Once square and sighted for straightness, I apply the identifying face-edge mark.

The meeting point of the ‘V’ connects to the primary proven face at the point where the tail of the ‘f’ hits the corner.

With these two faces trued, proven and marked with the face mark and face edge, I can rip or plane the opposite faces and edges parallel to the two planed surfaces. Before I do this, I mark the thickness and width using a marking gauge or penciled lines if the width is too much for a gauge to be used. Technically this is only necessary if planing to width or sawing.

Even if I am using the bandsaw with the fence guaranteeing the parallelity, I often use the gauge lines to help me note if there is any drift taking place and of course I must still plane down to the finish line subsequent to ripsawing.

Using the bandsaw to parallel-cut to the now newly trued face means that any cup, twist or bow that still exists on this opposite face will be automatically removed as the board passes through the bandsaw. Without the bandsaw cut, the board must be planed or sawed by hand.

On the end of this board you will see the parallel gauge line reflecting the difference in thickness after planing out the irregularities on the proven face.

The bandsaw is essential for me in the handwork that I do. Ripping wide boards 8″ and up wide is both tedious and physically hard, especially if its several feet long.

Here you will see the discrepancies removed by the bandsaw, making the process of subsequent planing much less tedious and needing little more reference checking than looking at the gauge lines from the marking gauge.

Work safely and especially when the outer cut is close to the outside face as the blade can flex outward to the outside of the face cut and overshoot.

It’s worth noting here that the vertical bandsaw stripes are from the original commercial ripping and not the bandsaw work I am doing. This shows that the subsequent bandsaw work I am doing is actually taking off the coarser work of the mill it came from.

I can now rip to width also. I leave on about 1/32″ for plane work.

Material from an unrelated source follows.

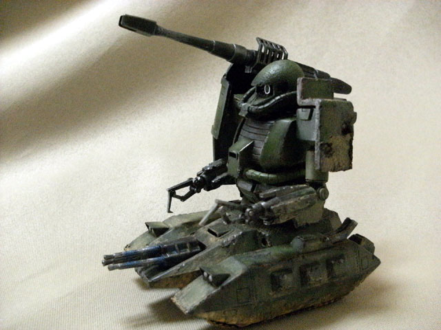 破棄同然だったザクタンクに、補用品としてストックしていたザクキャノンのキャノンユニットを取り付けて遠距離支援機体に改造。

Back at the bench now, I can surface plane using the lighter scrub in my #4 scrub plane. This takes only minutes and a very few strokes.

Long strokes only now as there really are no highs of any consequence to take down.

Now I am on the final edge. The smoothing plane snugs to the board and I am feeling good for the workout. Oh! See those boards as panels behind me, ten of them? They were all hand planed from rough boards and I loved it!

Planing is all action. Nothing passive about it and for an upper-body workout it will be hard to beat. But then there is the satisfaction you get for a half marathon but magnified ten times in a finished bookcase.

The above steps and the steps in the previous blogs in this series ‘Prepping Wood’ are the steps I take in every board or beam I work with to initialise them ready for subsequent work such as panel making, making tabletops and joinery. It’s the same for all sections of wood going from 4″ by 4″, 1″ by 2″, 2″ by 12″ and 3″ by 6″ and all of these and a million other sizes in various lengths up to around eight feet long.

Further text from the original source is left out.